From 1999 until a format change in August 2008, Cullen was a radio talk show host on radio station WPTT AM 1360.

Cullen's reporting for WTAE-TV from 1981 to 1992 garnered her numerous awards, including a 1991 Emmy award, four Golden Quills for Journalistic Excellence from the Pittsburgh Press Club, and three Pennsylvania Associated Press Broadcaster Awards for feature reporting.

Cullen hosted a radio talk show on WTAE Radio from 1987 to 1997 and was twice named "Best Talk Show Host" in Pittsburgh by the readers of both Pittsburgh Magazine and In Pittsburgh Newsweekly. Vectors Pittsburgh honored her as the 1997 Person of the Year in Communications, and the Squirrel Hill Urban Coalition similarly honored her as its Person of the Year in 1998.

Cullen also hosted two weekly public television programs: the statewide award-winning quiz show The Pennsylvania Game and the prime-time public affairs program Cullen-Devlin on WQEX-TV.

The Pittsburgh Post-Gazette named Cullen one of Pittsburgh's fifty most influential cultural power brokers. She is listed in Who's Who of American Women and Who's Who in American Media.
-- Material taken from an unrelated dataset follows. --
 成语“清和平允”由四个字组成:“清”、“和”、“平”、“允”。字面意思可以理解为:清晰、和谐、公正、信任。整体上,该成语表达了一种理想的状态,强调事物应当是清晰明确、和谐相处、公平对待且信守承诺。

Before moving to Pittsburgh in 1981, Cullen was a television anchor and reporter at WISC-TV, the CBS affiliate in Madison, Wisconsin. She attended Green Bay East High School, the Neighborhood Playhouse School of the Theatre in New York City, Northwestern University and the University of Wisconsin–Madison where she received her degree in journalism.

==Personal life==
Cullen is the sister of author and University of Michigan Law School professor William Ian Miller. She acquired her professional surname via marriage to William Lee Cullen on June 4, 1972. By the time the couple divorced on November 10, 1980, she was already well established as Lynn Cullen, news anchor and talk show host.